INFORMATION SHOWN ▸
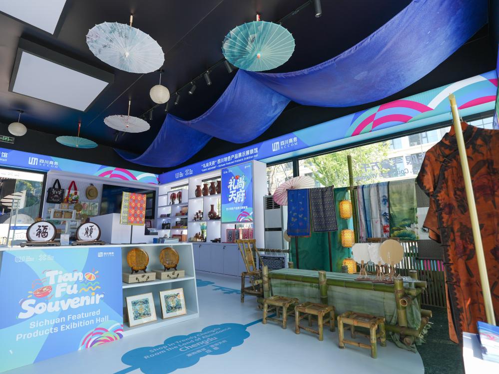 8月3日,在成都世運會運動員村A區(qū)拍攝的四川特色產(chǎn)品展示展銷館。新華社記者 王曦 攝
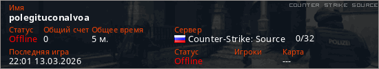Играет на Counter Strike Source сервере. Страна: РоссияПервый раз замечен 21:59 13.03.2026
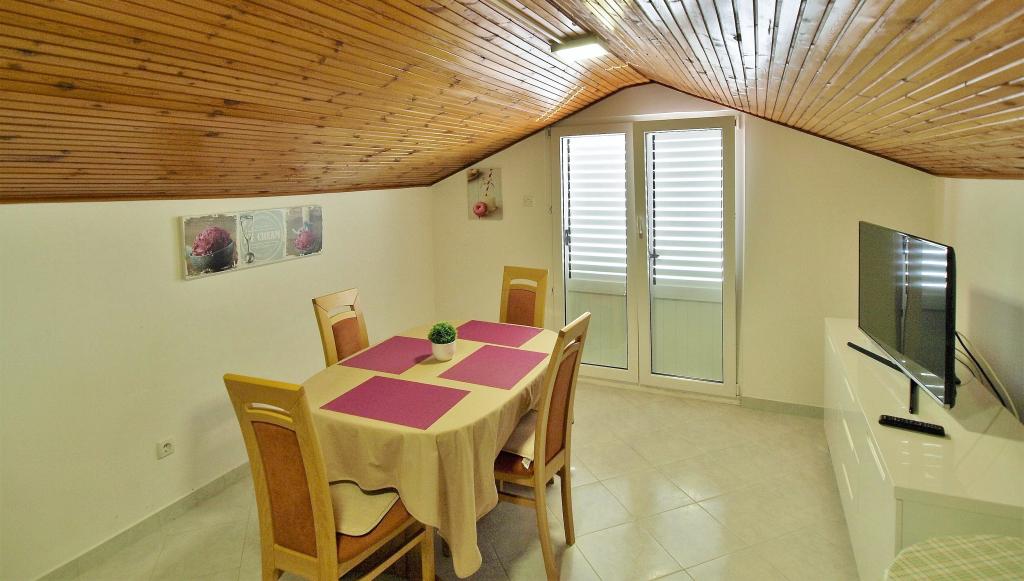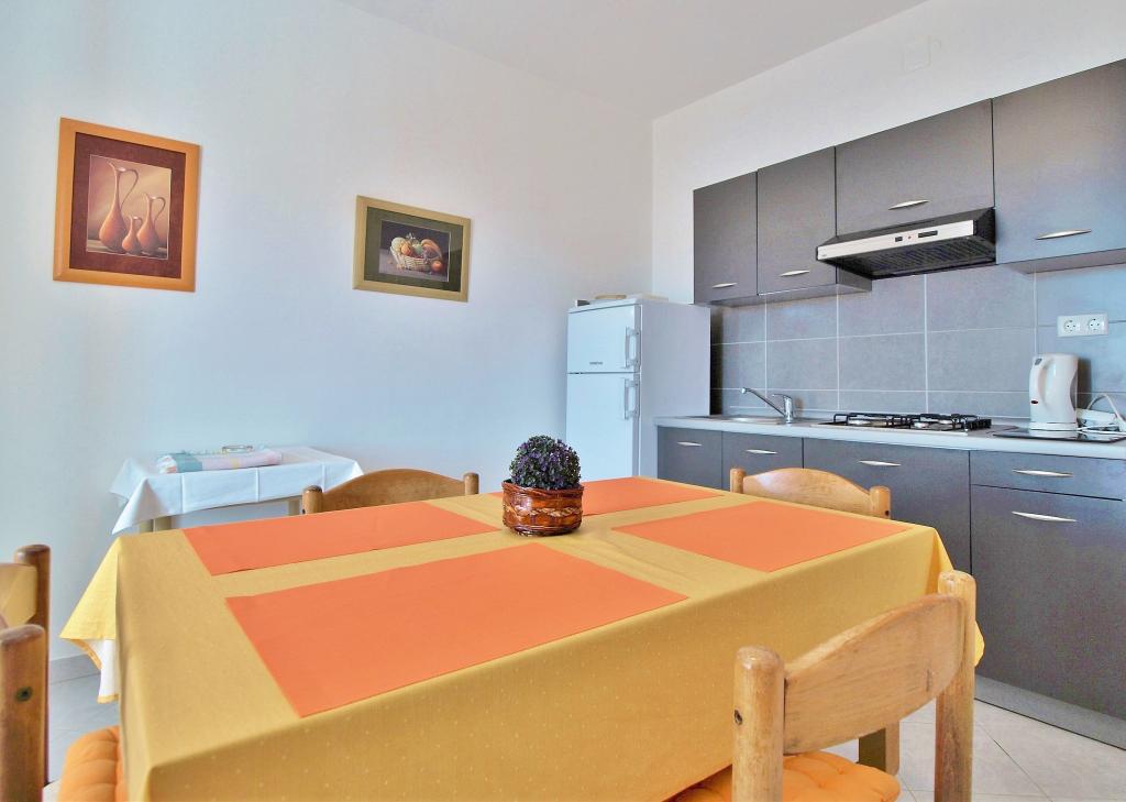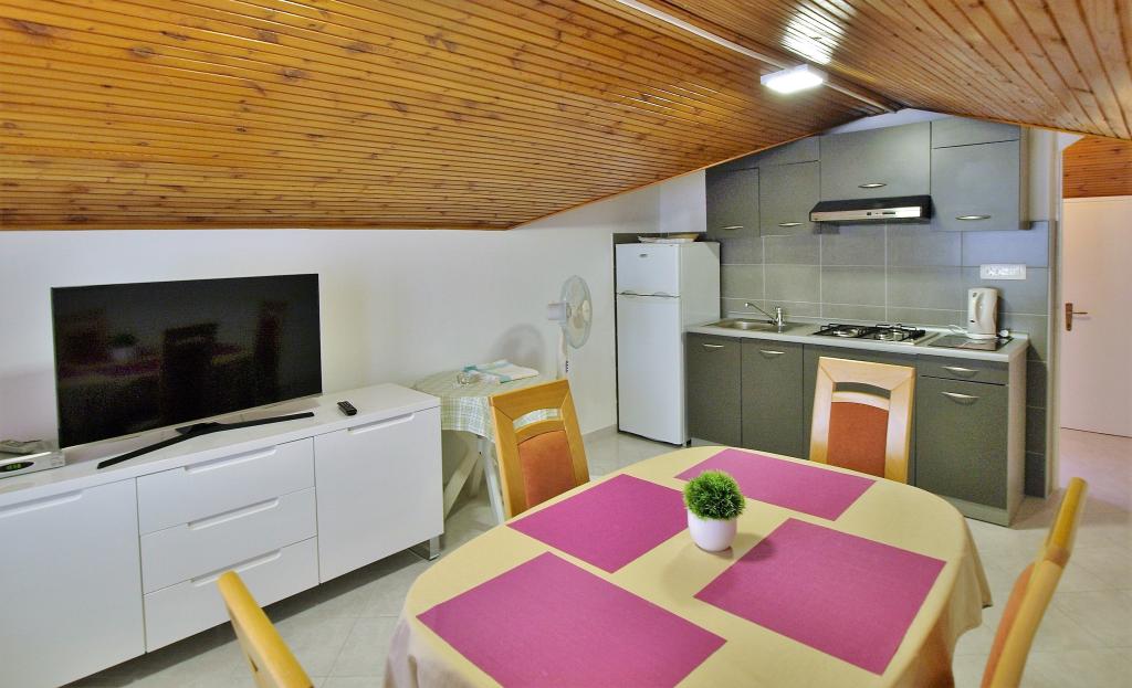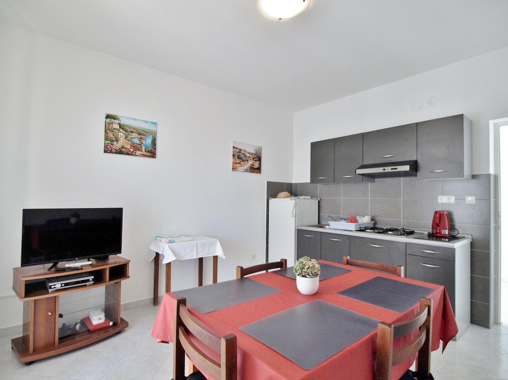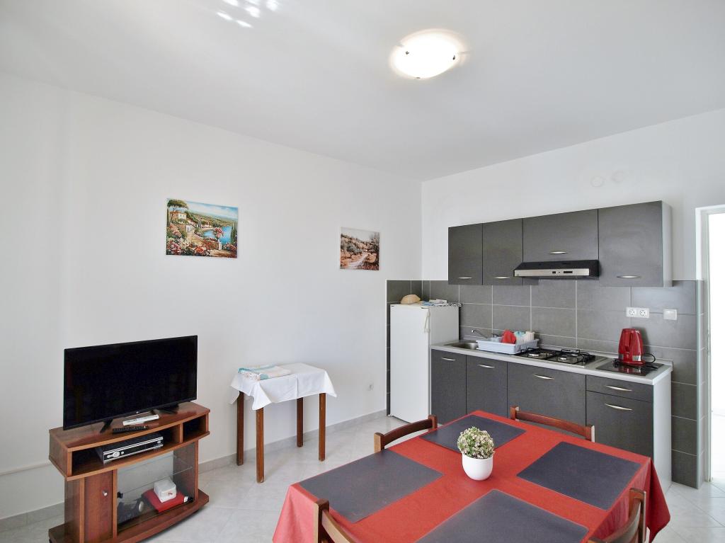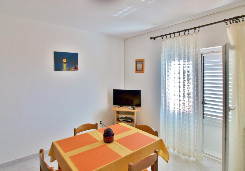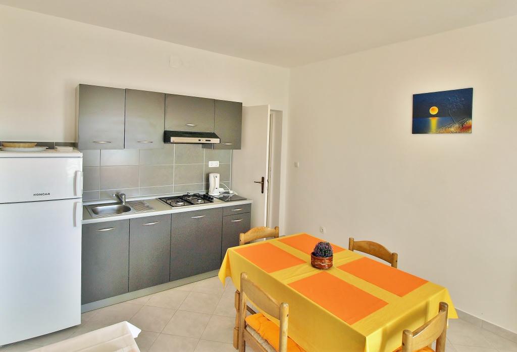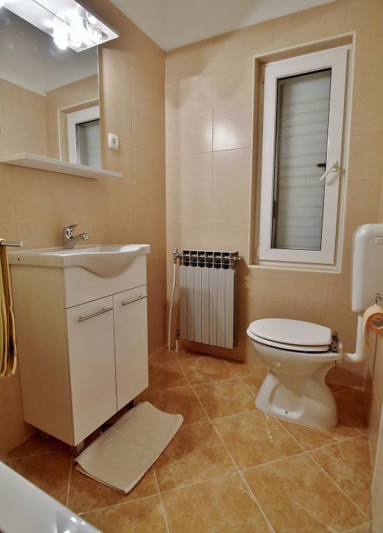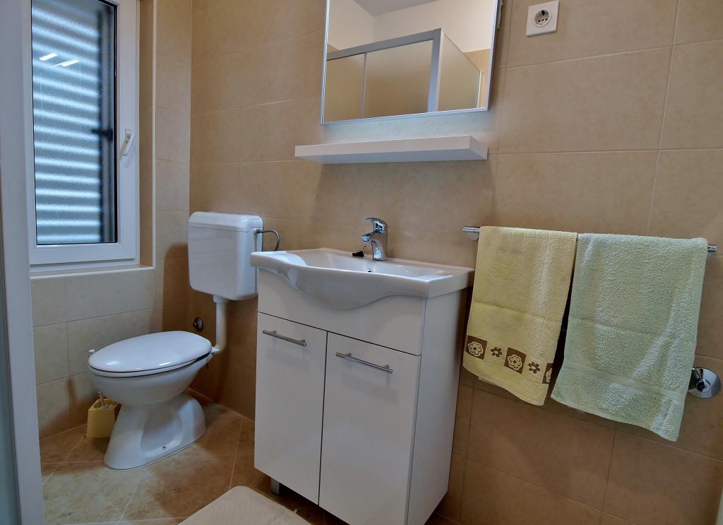 Drodzy Goście! Oferujemy apartamenty dla 4 osób. Każdy apartament składa się z dwóch dwuosobowych sypialni, kuchni z jadalnią, a także każdy pokój ma własną łazienkę lub prysznic / toaletę. Wszystkie apartamenty posiadają balkon / taras z widokiem na morze, telewizję satelitarną i klimatyzację. Pościel i ręczniki, a także wszystko inne potrzebne do przyjemnego wypoczynku znajdują się w apartamentach i nie ma potrzeby zabierania ze sobą niczego na wakacje. Pościel zmieniana jest raz w tygodniu, a ręczniki według życzenia. Na zewnątrz mamy duży taras i jadalnię oraz duży grill/grill na podwórku, z którego można korzystać według uznania. Istnieje również możliwość skorzystania z pralki.

WHAT IS EXPECTED ▸
In the copy, include no pictures; restate the listing above exactly.

SOLUTION TO THE PROBLEM ▸
 8月3日,在成都世運會運動員村A區(qū)拍攝的四川特色產(chǎn)品展示展銷館。新華社記者 王曦 攝
Играет на Counter Strike Source сервере. Страна: РоссияПервый раз замечен 21:59 13.03.2026
 Drodzy Goście! Oferujemy apartamenty dla 4 osób. Każdy apartament składa się z dwóch dwuosobowych sypialni, kuchni z jadalnią, a także każdy pokój ma własną łazienkę lub prysznic / toaletę. Wszystkie apartamenty posiadają balkon / taras z widokiem na morze, telewizję satelitarną i klimatyzację. Pościel i ręczniki, a także wszystko inne potrzebne do przyjemnego wypoczynku znajdują się w apartamentach i nie ma potrzeby zabierania ze sobą niczego na wakacje. Pościel zmieniana jest raz w tygodniu, a ręczniki według życzenia. Na zewnątrz mamy duży taras i jadalnię oraz duży grill/grill na podwórku, z którego można korzystać według uznania. Istnieje również możliwość skorzystania z pralki.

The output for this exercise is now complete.